By: Millie Monyo
Kanye West said it best in his song, Heard em’ Say; “They say people in your life are seasons and everything that happens is for a reason.”
I never felt this statement more than when I found myself in a situation with a so called “good friend.”
The nuts and bolts of it:
Friend sets you up on a date with one of her friends… you meet and go out with the guy just to see what he’s all about… You get along with the guy and start seeing him… Friend starts bad-mouthing you to the guy… Guy tells you that your friend is shady… You confront friend and the guy and realize this “friend” is not really a friend…
Now of course there’s more to this story, but I’ll spare you the specific details.
I’m happy to report however, that through this situation, I was able to realize that the the time was up for my friendship with this person.
Now don’t get me wrong, friends argue and disagree and true friendship should not be taken for granted, nor should it be lost and irretrievable. The friends that I've ushered in and cultivated, even those who have drifted away from me, have all taught me valuable lessons, but through this situation, I’ve learned to recognize the difference between each person who enters into our lives. Some are here for a reason; some for a season, and a small amount are here for a lifetime.
When someone is in your life for a reason, it is usually to meet a need you have expressed. They have come to assist you through a difficulty, to provide you with guidance and support, to aid you physically, emotionally or spiritually. They may seem like a god-send, and they are. They are there for the reason you need them to be.
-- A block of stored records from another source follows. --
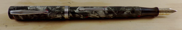 Here’s a beautiful Waterman 94 in the pattern known as grey pearl. It’s a stunning pattern raised from the obscurity of just another grey marble by the splashes of red throughout. The 94 is a good size of pen at 12.6 cm, and it’s quite thick. It makes for a very comfortable pen to write with.
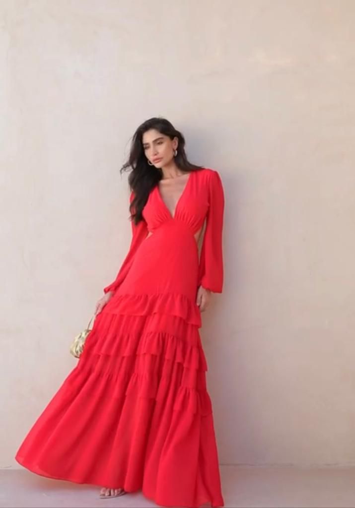 VESTIDO LONGO CREPE DE SEDA MANGA LONGA SAIA COM CAMADAS COSTAS VAZADA VERMELHO MB
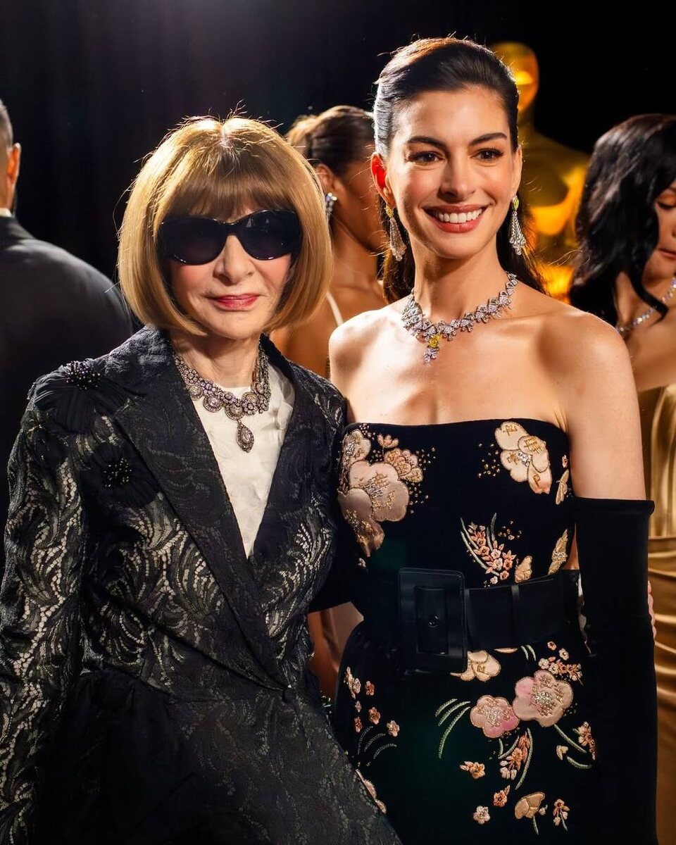 Яркий момент на церемонии: Энн Хэтэуэй и Анна Винтур вышли на сцену «Оскара» чтобы вручить статуэтку за лучшие костюмы
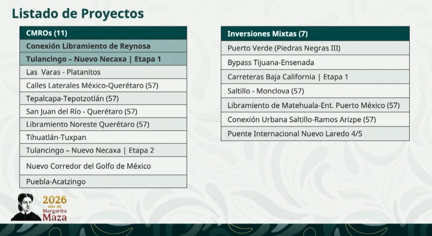 El funcionario federal explicó que, del total de proyectos, 11 se realizarán a través de los CMROs (Construcción, Mantenimiento, Rehabilitación y Operación) y 7 a través de inversiones mixtas.
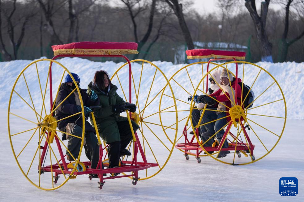 1月8日,外国游客在太阳岛雪博会园区体验冰上自行车。
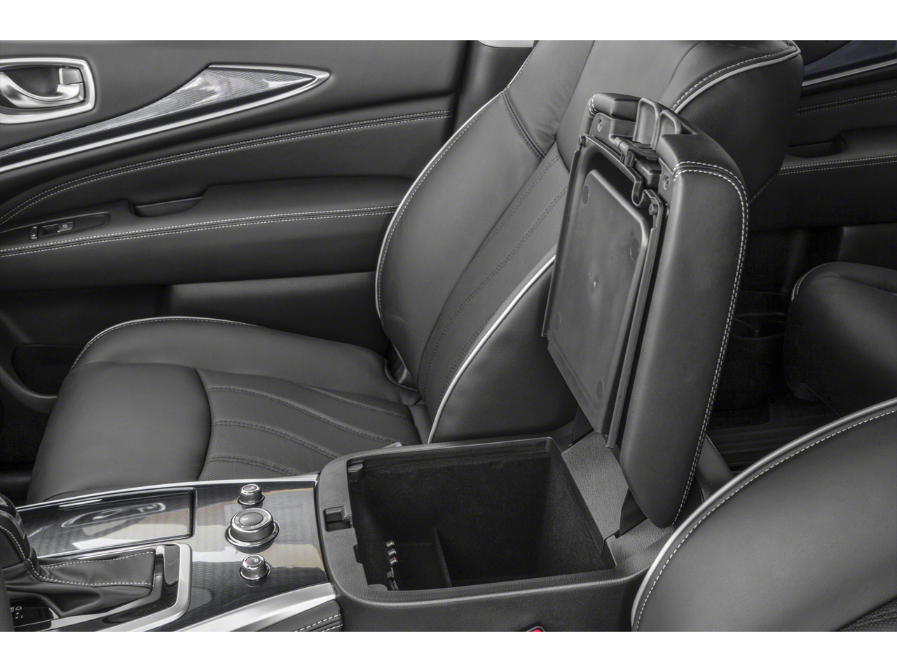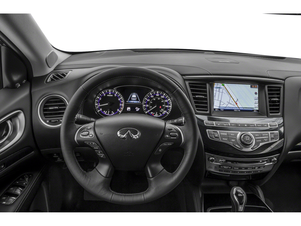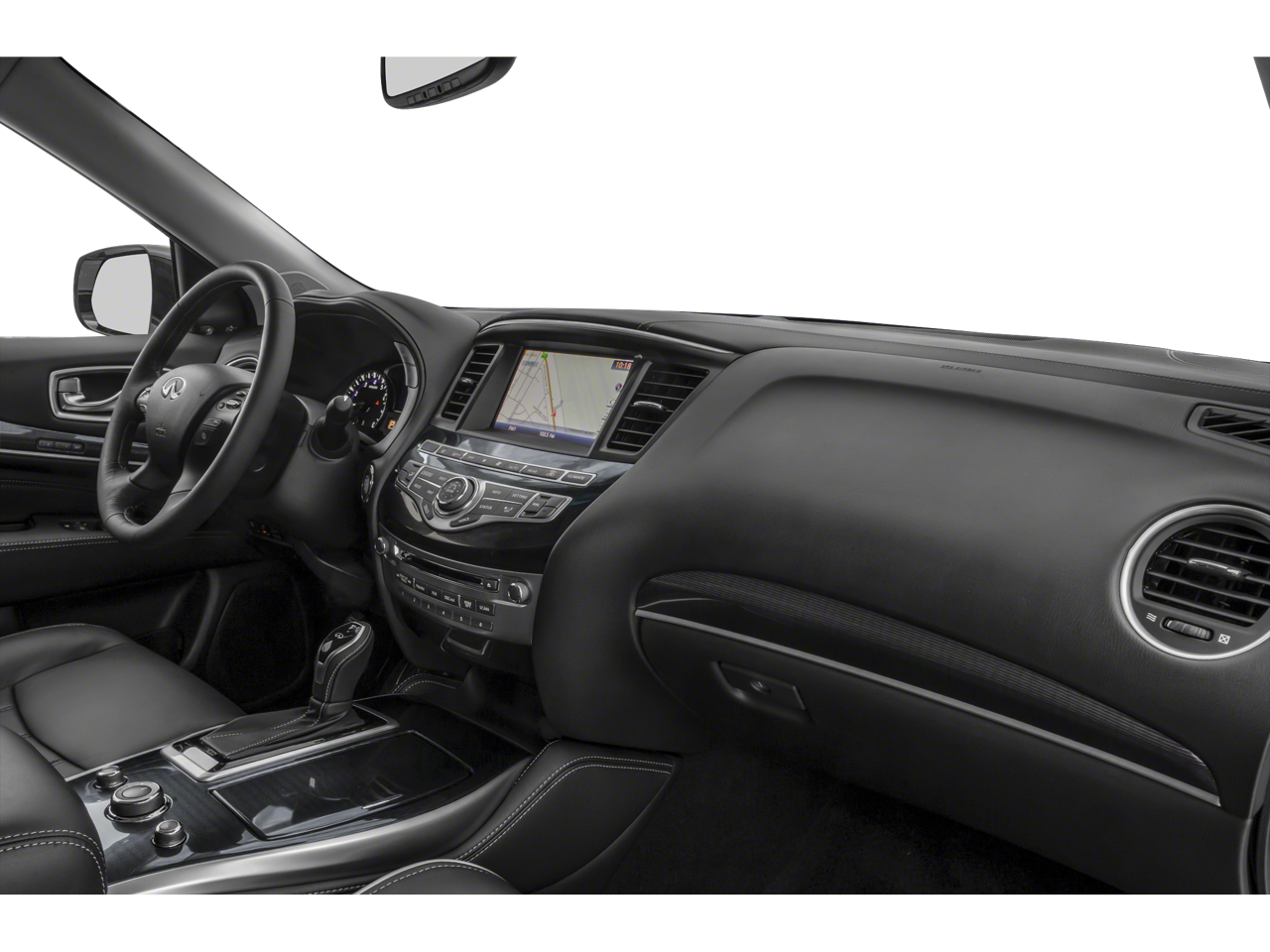 Essential Package: Front and Rear Sonar Sensors (2 Front/2 Rear); Leather-Appointed Seat Trim; Rain-Sensing Front Windshield Wipers; Around View Monitor with Moving Object Detection; INFINITI InTouch with Navigation and InTouch Services; Illuminated Kick Plates. Cargo Package Essential: Rear Cargo Cover; Cargo Protector; Console Net; First Aid Kit. Illuminated Kick Plates. Welcome Lighting. Splash Guards. **Equipment listed is based on original vehicle build and subject to change. Please confirm the accuracy of the included equipment by calling the dealer prior to purchase.**
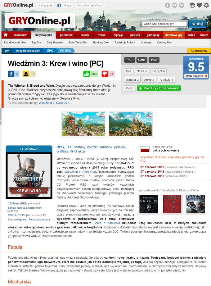 Польский игровой сайт GRYOnline опубликовал у себя дату релиза DLC The Witcher 3: Кровь и Вино.
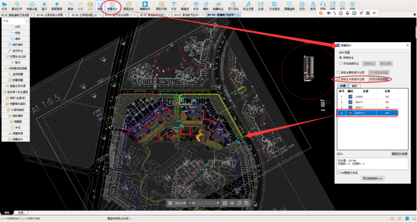 4、利用软件连续测量功能,量出平面长度,查看测量统计得出回路平面工程量200.117m。
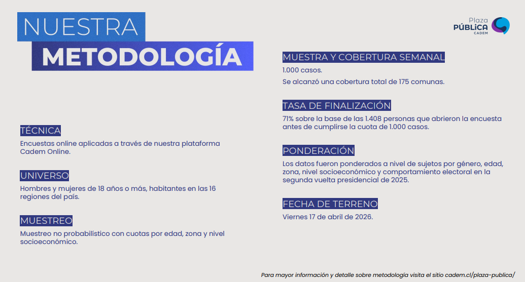 En una nueva edición de la encuesta Cadem Plaza Pública se abordaron las reacciones al proyecto de Reconstrucción Nacional anunciado por el presidente José Antonio Kast en su primera cadena nacional.
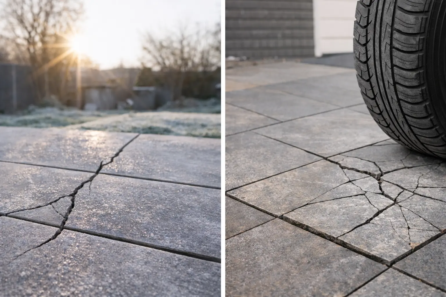 Dunne tegels op een zandbed onder voertuigen? Dat is vragen om problemen.
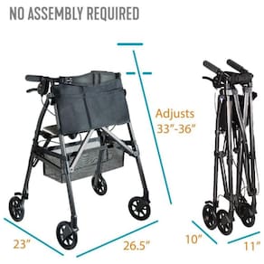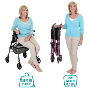 Rollator compacto dobrável O Rollator EZ dobra 3 vezes menor do que os rollators médios, tornando o portátil e fácil de zenar desmonte o andador de 4 rodas como um carrinho de guarda chuva com o toque de um dedo a fivela incluída mantém o andarilho dobrado Assento de poleiro conveniente o assento de viagem antiderrapante de por suporta até 113 kg o assento compacto e a alça traseira oferecem um lugar para sentar e descansar rapidamente durante uma viagem ou na loja o assento de perfil pequeno maximiza a portabilidade do andarilho. Não requer montagem o andarilho é pré montado e pronto para uso direto da caixa as alças acolchoadas podem ser ajustadas de 83 a , ajuste a altura do seu pulso quando o braço estiver estendido para baixo Marca: Não Informado
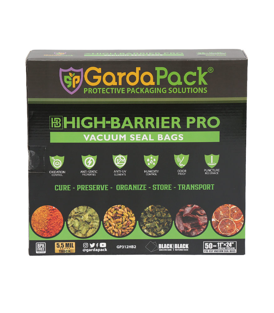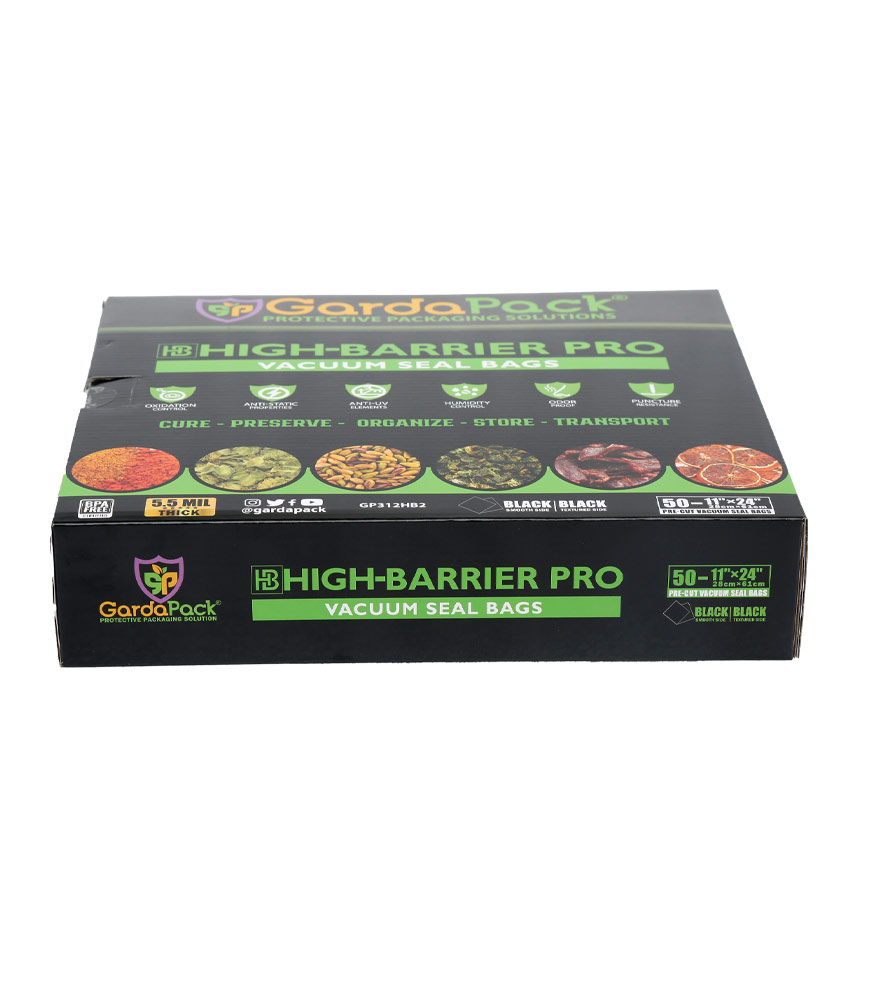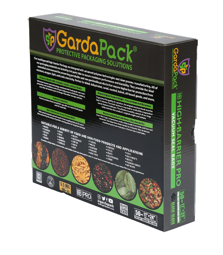 Our GardaPack® High-Barrier Pro 11″x24″ All-Black Pre-cut Vacuum Seal Bags offer the highest level of preservation for your sensitive products with maximum convenience. This advanced film is engineered with the lowest OTR and WVTR on the market, combined with Superior Puncture-Resistance, Anti-UV Elements, and Static-Resistance Properties. This ensures even the most sensitive perishables remain as fresh as possible until you’re ready to use them.
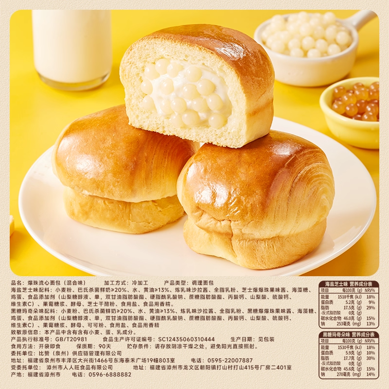 比比赞爆珠流心面包学生早餐糕点解馋零食休闲食品小吃夹心啵啵
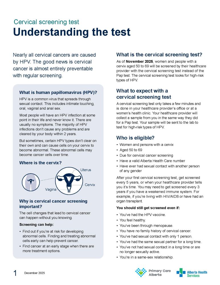 Overview and FAQ for Primary Care Providers HPV primary screening Updated December 2025 Contents Contents .....................................................................................................................................................................2 Overview .....................................................................................................................................................................3 Phased approach....................................................................................................................................................3 Why this change? ...............................................................................................................................................3 Key changes ...........................................................................................................................................................3 What primary care providers need to do ................................................................................................................4 Educate and reassure patients...........................................................................................................................4 Order the cervical screening test as before (No changes) .................................................................................4 Interpret…
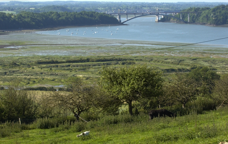 Paysage de Rance pris du Mont-Gareau, au premier plan le camp vikingImmatriculation

Then without any wrongdoing on your part, or at an inconvenient time, this person will say or do something to bring the relationship to an end. Sometimes they die or fade into anonymity. Sometimes, circumstances dictate that they go in another direction leaving you to wonder. Sometimes they walk away, uncaring and unwilling. Sometimes they act up and force you to take a stand. What we must realize is that our need has been met, our desire fulfilled, their work is done. Reasons can go against you, but when they do, all you can do is assess it for what it’s worth and know when it's time to move on.
Some people come into your life for a season. They may only be there for a short period of time based on premeditated agendas; they may have motives that are not condoned by you, or because your turn has come to share with them in growing or learning new initiatives for the future. If all things are good, they may bring you an experience of peace, or make you laugh. They may introduce you to new routines and techniques that you have never experienced. They usually give you an unbelievable amount of joy. Believe it, it is real! But only for a season; they might move on. The key to coming full circle after misunderstandings that may have caused a rift is to humble yourself, accept that perhaps you could have done something better, and move on. If it's meant to be they will return, if not then it just wasn't meant to be.
Lifetime relationships are harder to recognize, but with time can produce the best friends of your life. How many people do you know are willing to persevere in friendship for the long haul? Find one, and you are a lucky person! Lifetime friends teach lifetime lessons; things you must build upon in order to have a solid emotional foundation. They accept you for what you are, do not prematurely judge you, do not have any inhibitions about taking chances for the betterment of the relationship, and surely feel that compatibility is something that is assessed as you go, not at the spur of the moment. They don't adhere to conditions and will always be there. There’s got to be something that you can learn from this type of person. Your job is to accept the lesson, love the person, and put what you have learned to use in all other relationships and areas of your life. I challenge you to recognize, categorize and evaluate your friendships!